++++ ENTRIES SHOWN

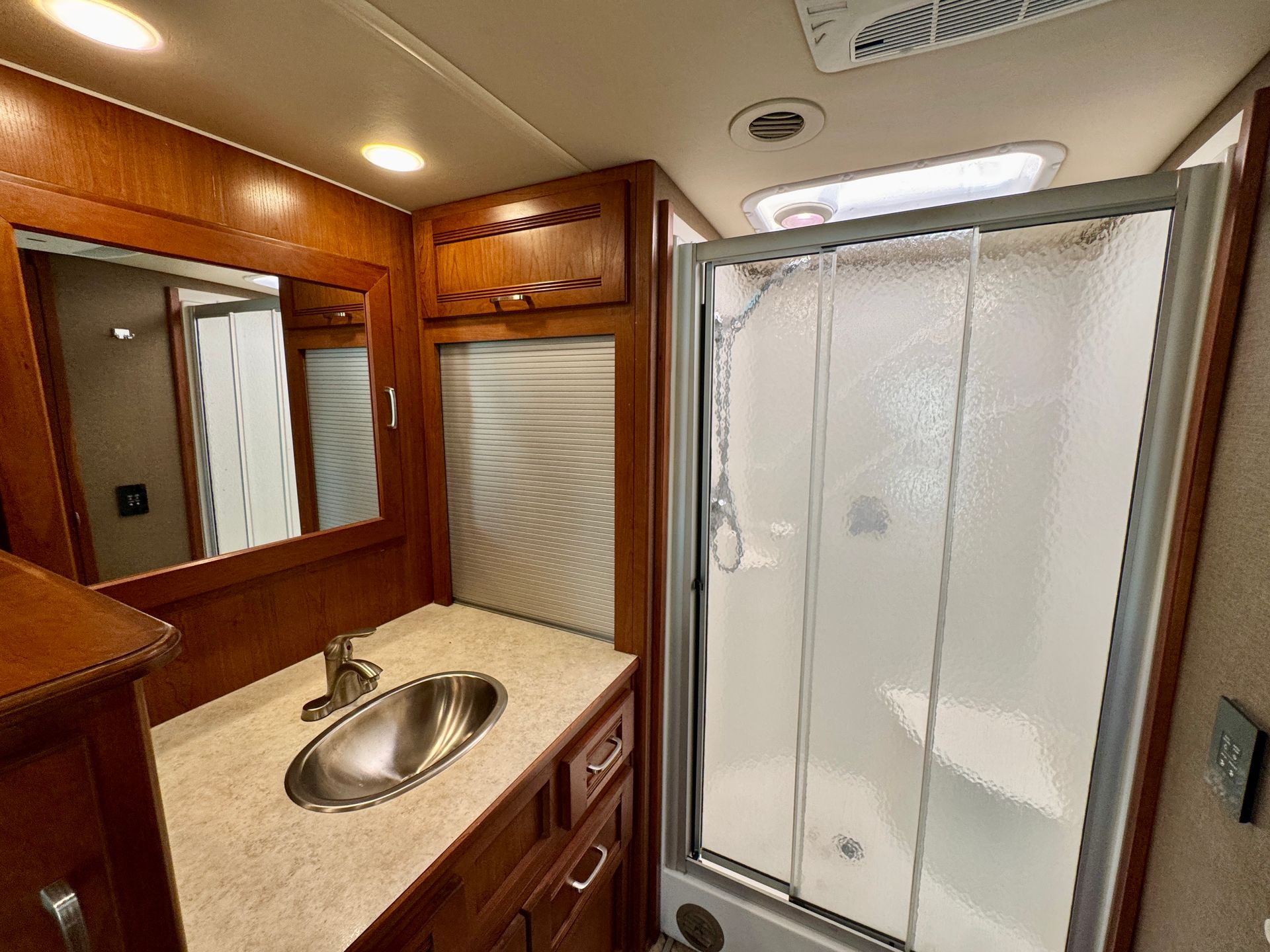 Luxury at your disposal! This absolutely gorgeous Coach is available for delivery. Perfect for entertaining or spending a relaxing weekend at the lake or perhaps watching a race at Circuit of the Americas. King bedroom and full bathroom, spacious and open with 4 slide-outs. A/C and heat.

++++++++
++++ ENTRIES SHOWN

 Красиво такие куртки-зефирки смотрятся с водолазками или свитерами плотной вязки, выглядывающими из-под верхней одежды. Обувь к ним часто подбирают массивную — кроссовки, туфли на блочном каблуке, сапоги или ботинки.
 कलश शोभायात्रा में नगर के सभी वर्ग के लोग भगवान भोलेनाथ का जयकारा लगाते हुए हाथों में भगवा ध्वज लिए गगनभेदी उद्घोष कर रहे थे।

++++++++

EXERCISE:
Give again exactly, and only, the lines above starting at the one with "Красиво такие куртки-зефирки" and ending at the one with "कलश शोभायात्रा में".

RESPONSE BELOW:
 Красиво такие куртки-зефирки смотрятся с водолазками или свитерами плотной вязки, выглядывающими из-под верхней одежды. Обувь к ним часто подбирают массивную — кроссовки, туфли на блочном каблуке, сапоги или ботинки.
 कलश शोभायात्रा में नगर के सभी वर्ग के लोग भगवान भोलेनाथ का जयकारा लगाते हुए हाथों में भगवा ध्वज लिए गगनभेदी उद्घोष कर रहे थे।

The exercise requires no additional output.